Gitea code search works across all repositories regardless of user permissions (reproduced even if the user is not logged in)

Screenshots

Screenshot 2019-09-05 at 13 10 23

kinbug stale

Source

DNAlchemist

Most helpful comment

@guillep2k I think the problem is when you changed some repository from public to private or removed some user's permissions of some repositories. the indexer may not be updated.

@lunny Whether or not the indexer is updated should not affect this. The indexer processes all repositories, no matter their status.
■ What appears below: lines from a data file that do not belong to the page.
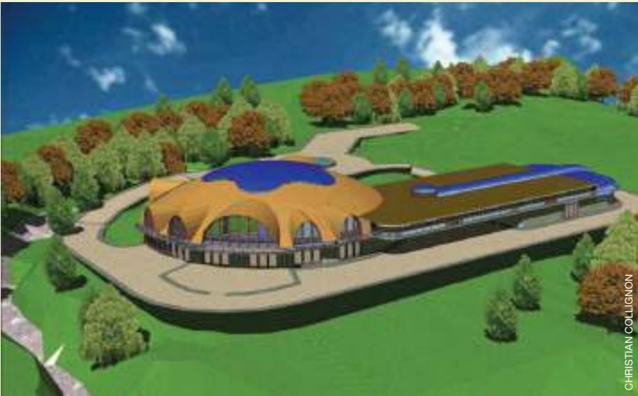
Vue en perspective du «centre thermoludique». La partie sphérique est destinée à abriter plusieurs installations thérapeutiques fonctionnant à l'eau, comme des bains tourbillons, couloirs de marche, hydromasseurs, etc.
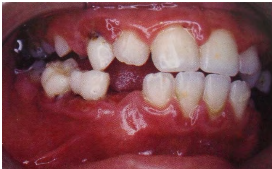
Figura 21. Enfermedad periodontal necrotizante. 74

Las deformaciones mucogingivales del desarrollo o adquiridas en el paciente infantil, con mayor frecuencia son las recesiones o migraciones apicales del margen gingival, su localización a menudo es en la cara vestibular de incisivos inferiores provocadas por factores como: anatomía dental, aparatos y restauraciones mal ajustadas, trauma oclusal, técnicas de higiene oral inadecuadas, acumulación de la placa dentobacteriana o inserción alta de frenillos. 75 (Figura 22)
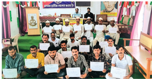
हरिभूमि न्यूज ॥ शुभपुर

कौशल विकास एवं उद्यमिता मंत्रालय नई दिल्ली द्वारा प्रायोजित जन शिक्षण संस्थान शुभपुर के माध्यम से जिला जेल श्योपुर में बंदियों के लिए आयोजित 80 दिवसीय सिलाई प्रशिक्षण के प्रशिक्षार्थियों को सफलतापूर्वक प्रशिक्षण प्राप्त करने के उपरान्त प्रमाण पत्र प्रदान किये गये। जिला जेल में आयोजित उक्त कार्यक्रम के
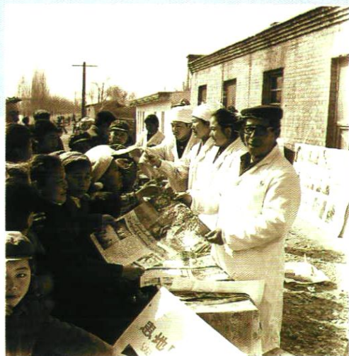
开展农村卫生科普宣传
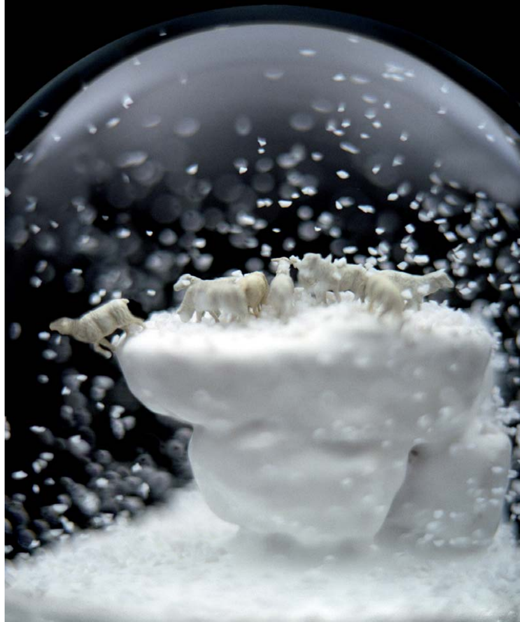
"Traveler 88 at Night"

The connection with the artistic tradition of German romanticism is not a coincidence - that which starts on this path and leads to the abyss of men against nature - the infinite horizons as representation of a surrounding void, the cliffs inviting the fall, knotty forests - the smallness against the outside, that in the paintings of Caspar David Fiedrich is expressed with more force and nudity, as in the case of the splendid Monk by the sea , whose vastness transmutes in an omnipresent void, or The abbey in the oak grove where gloomy trees and their shadowy chapel lay a bridge towards the origins of the medieval gothic.
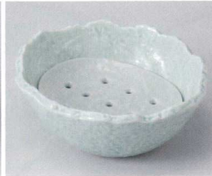
47-503-82 850円 青地奴鉢 (15.5×13.5×5.5) 505350482
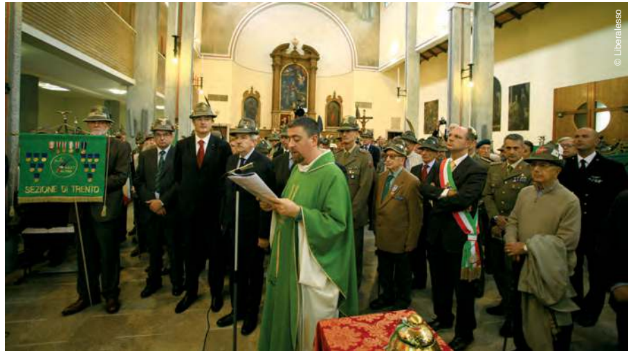
La cerimonia dell'offerta all'altare della Madonna del Don.
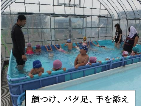
顔つけ、バタ足、手を添えて浮けるかな

8月に入り、暑い日が連日続き子ども達にとっては、水遊びが恋しい日が続きました。いちい組・くるみ組・もみじ組は、園庭のベランダで、おもちゃの魚を浮かべ水遊びを楽しんでくれました。又、こなら組・さくら組・こぶし組は、園のプールで連日顔つけから泳ぎへ体育遊びの先生の指導も受け、クラス毎にしっかり練習したり元気に水かけやっこや水遊びにと楽しんでいます。
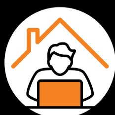
Falls möglich weiter im Homeoffice arbeiten.
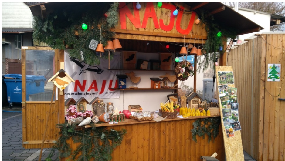
Grande Finale: Der Weihnachtsmarktstand mit stündlich wechselnder Verkaufsbesetzung.

Und so ging ein erfolgreiches Jahr zu Ende. Ich freue mich über die gute Resonanz und blicke erwartungsvoll in 2019.

The search function however filters by permissions at the moment of the user action, so I don't see how the results list could be outdated:

https://github.com/go-gitea/gitea/blob/c03d75fbd51174d0e7ffdbaf9e9e253438d06cf7/routers/home.go#L303-L309

guillep2k on 6 Sep 2019

👍2

All 6 comments

I'll give this a look.

guillep2k on 5 Sep 2019

👍2

@DNAlchemist I'm unable to reproduce, neither with my prod version (1.9.2) or the latest master (79c8bc0e51db9ef1579b72d0510cac9aaded06db).

Isn't it possible that you have some misbehaving caching entity in between (e.g. a proxy)?

My test workflow was:

With an admin user:

I navigated to http://__my_server__/explore/code
Enter a search term I knew would bring results (e.g. watermelon).
A list of matches shows up. As the user is admin, I've get matches from all repositories that have watermelon in a file. Most of them are marked as private.
Clicked on any repository link or [View File] button from the results; they all work as expected.

Then I've created a testuser user, no special permissions, no teams. I've logged in and:

I navigated to http://__my_server__/explore/code
Entered watermelon as a search term.
I've only got results from repositories not marked as private.
Clicked on any repository link or [View File] button from the results; they all work as expected.

Finally, I've logged off, set REQUIRE_SIGNIN_VIEW=off (my normal setting is on) and:

I navigated to http://__my_server__/explore/code
Entered watermelon as a search term.
I've only got results from repositories not marked as private.
Clicked on any repository link or [View File] button from the results; they all work as expected.

guillep2k on 6 Sep 2019

@guillep2k I think the problem is when you changed some repository from public to private or removed some user's permissions of some repositories. the indexer may not be updated.

lunny on 6 Sep 2019

@guillep2k I think the problem is when you changed some repository from public to private or removed some user's permissions of some repositories. the indexer may not be updated.

https://github.com/go-gitea/gitea/blob/c03d75fbd51174d0e7ffdbaf9e9e253438d06cf7/routers/home.go#L303-L309

guillep2k on 6 Sep 2019

👍2

This issue has been automatically marked as stale because it has not had recent activity. It will be closed if no further activity occurs during the next 2 weeks. Thank you for your contributions.